◆ **YOUR TASK**
Write the data out again exactly, dropping any images it holds.

◆ **DATA BLOCK**

————————

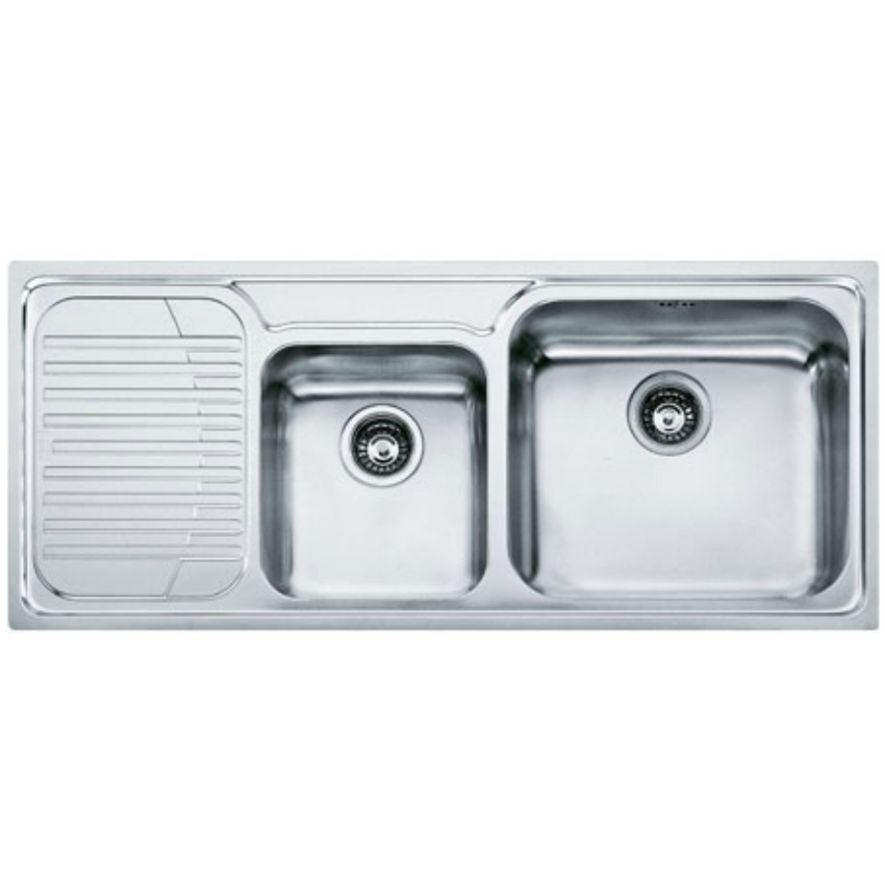 Ανοξείδωτος ένθετος νεροχύτης με δύο γούρνες και ποδιά αριστερά, INOX σαγρέ FRANKE της συλλογής: New Infinito μοντέλο: INL 621-N.
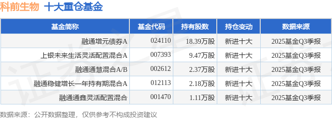 持有科前生物最多的基金为融通增元债券A,目前规模为3.03亿元,最新净值1.0155(10月30日),较上一交易日下跌0.28%。该基金现任基金经理为余志勇 张彩婷。
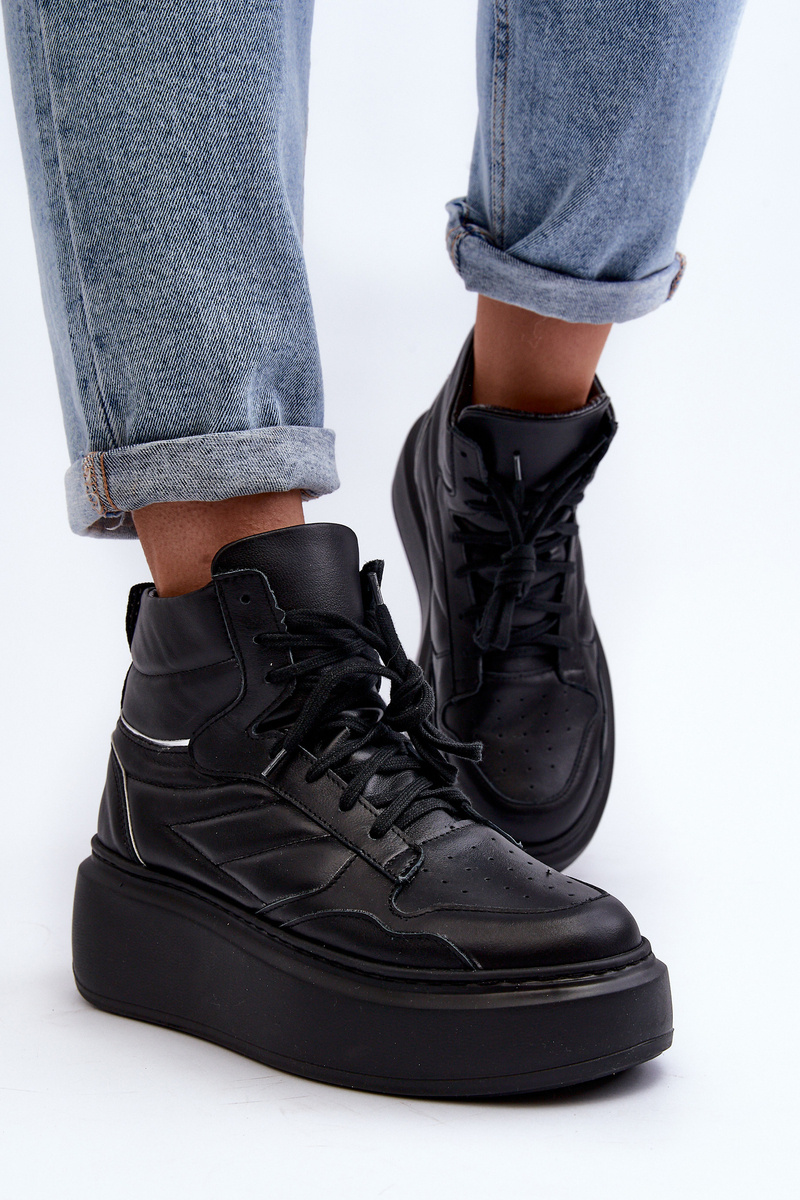Стильне жіноче спортивне взуття з натуральної шкіри. Розташований на масивній платформі. Верх до щиколотки. Заокруглені пальці. Модель з класичною шнурівкою. Ідеальний варіант для весняних днів! Цей стиль вам точно сподобається! Обираючи розмір, орієнтуйтеся на таблицю розмірів.

————————

◆ **SOLUTION BELOW**
 Ανοξείδωτος ένθετος νεροχύτης με δύο γούρνες και ποδιά αριστερά, INOX σαγρέ FRANKE της συλλογής: New Infinito μοντέλο: INL 621-N.
 持有科前生物最多的基金为融通增元债券A,目前规模为3.03亿元,最新净值1.0155(10月30日),较上一交易日下跌0.28%。该基金现任基金经理为余志勇 张彩婷。
Стильне жіноче спортивне взуття з натуральної шкіри. Розташований на масивній платформі. Верх до щиколотки. Заокруглені пальці. Модель з класичною шнурівкою. Ідеальний варіант для весняних днів! Цей стиль вам точно сподобається! Обираючи розмір, орієнтуйтеся на таблицю розмірів.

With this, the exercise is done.